You are viewing a plain text version of this content. The canonical link for it is here.
Posted to user@impala.apache.org by Fawze Abujaber <fa...@gmail.com> on 2018/05/21 11:52:19 UTC
unable to run drop stats on a partitioned tables with INT fields
Hi Community,
I have an external impala table that partitioned by year, month and day,
these field definitions are INT.
The files stored in the hdfs like:
hdfs://table_name/year=2018/month=04/day=26
Query: show partitions table_name
+-------+-------+-----+-------+--------+---------+--------------+-------------------+---------+-------------------+----------------------------------------------------------------------------------------------------------------------------------------------+
| year | month | day | #Rows | #Files | Size | Bytes Cached | Cache
Replication | Format | Incremental stats | Location
|
+-------+-------+-----+-------+--------+---------+--------------+-------------------+---------+-------------------+----------------------------------------------------------------------------------------------------------------------------------------------+
| 2017 | 10 | 8 | -1 | 0 | 0B | NOT CACHED | NOT
CACHED | PARQUET | false |
hdfs://table_name/year=2017/month=10/day=08 |
| 2017 | 10 | 9 | -1 | 0 | 0B | NOT CACHED | NOT
CACHED | PARQUET | false |
hdfs://table_name/year=2017/month=10/day=09
|
As you can see that the partitions mismatch with the files in the hdfs, the
partition looks like 2017 10 8 while the HDFS file
hdfs://table_name/year=2017/month=10/day=08.
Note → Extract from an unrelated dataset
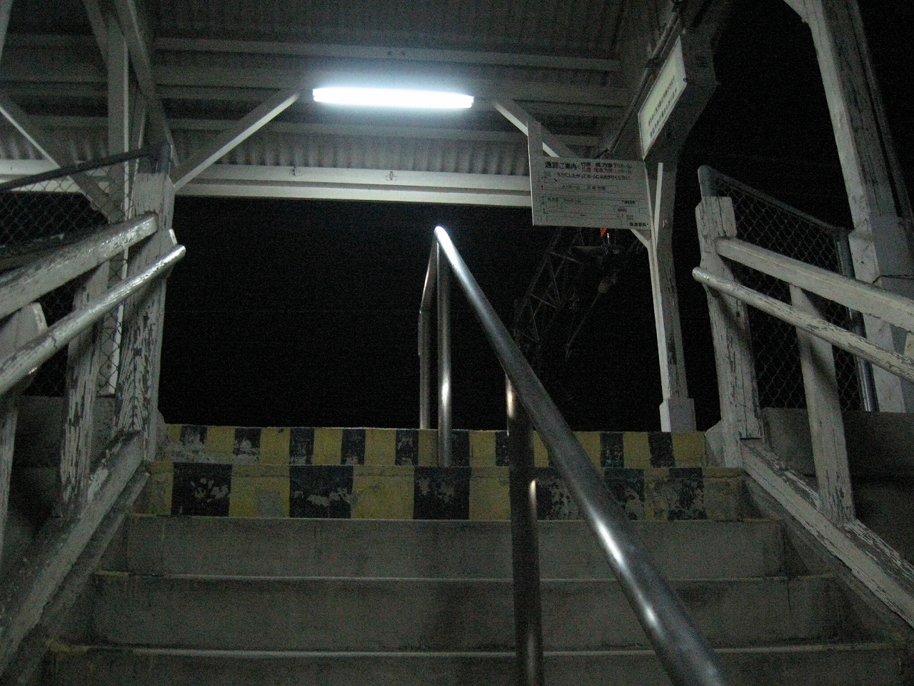 気が付くと消灯していた。真っ暗だが、構内は煌々と水銀灯が積もっているらしく、そんなに怖くはない。海があるのも、なんとなく安心する。津波に関しては…構内が高台になってるからそこに行けばいいだろう。

I want to move to COMPUTE INCREMENTAL STATS so when i run the drop stat
statement i'm getting the following error:
RROR: ImpalaRuntimeException: Error making 'alter_partitions' RPC to Hive
Metastore:
CAUSED BY: InvalidOperationException: Alter partition operation failed:
NoSuchObjectException(message:partition values=[2017, 10, 8])
I read some blog that suggested either to alter the table partitions into
string instead int or recreate the tables without the leading ZERO.
Since i have around 150 tables and i have 100's of ETLs and impala queries
that using these tables, i'm looking forward to search if there is another
solution for this issue.
--
Take Care
Fawze Abujaber
Re: unable to run drop stats on a partitioned tables with INT fields
Posted by Fawze Abujaber <fa...@gmail.com>.
Thanks Jom for your response.
I was intersting to have compute stats on these tables, i already has a
script that performing alter table recover partitions on these tables.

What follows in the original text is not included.